Wednesday, January 17, 2007

Movie Review: The Haunting 1 ½ Stars

The production design is awe-inspiring.

Based loosely on Robert Wise’s 1963 The Haunting, based loosely on Shirley Jackson’s Haunting of Hill House, Jan de Bont’s The Haunting has all the necessary ingredients for a great ghost story. Unfortunately, it isn’t. The problem isn’t with the “ghost”, it’s with the “story.” In this case, a story that seems to have been made up as they went along in shooting.
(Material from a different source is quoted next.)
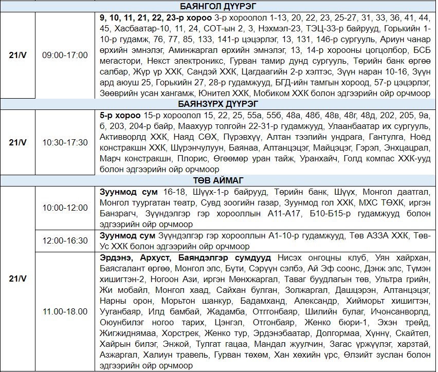 Эрчим хүчний шугам сүлжээнд засвар үйлчилгээ хийх хуваарийн дагуу өнөөдөр /2024.05.21/ дараах байршлуудад цахилгаан хязгаарлана.

Did I mention the production design?

Being stuck in a big old spooky Victorian mansion is enough. Add spooky ghosts to the equation -- more than adequate. Explaining away everything with neat little character conceits -- no good. Whatever story editor kept asking “why?” every time a character reacted to anything and forced the writers to invent ridiculous half-assed explanations should be fired up to studio exec where retarded arbitrary decisions will hopefully be so far away from the filmmaking process that he or she can never ruin a movie again.

The house is incredible.

Liam Neeson stars as Dr. Jeffrey Marrow, a psychologist, who under the pretenses of investigating sleep disorders, assembles three sleep dysfunction sufferers in a big old spooky Victorian mansion. His real purpose is to suggest spooky scenarios that will scare the bejesus out of the subjects as part of an ongoing study in fear. The hapless victims are Luke (Owen Wilson), Theo (Catherine Zeta-Jones) and Eleanor (Lili Taylor), who, as it conveniently turns out, is psycho-genetically attached to the house and its ghostly inhabitants. The cast is utterly wasted.

But really, the production design is outstanding.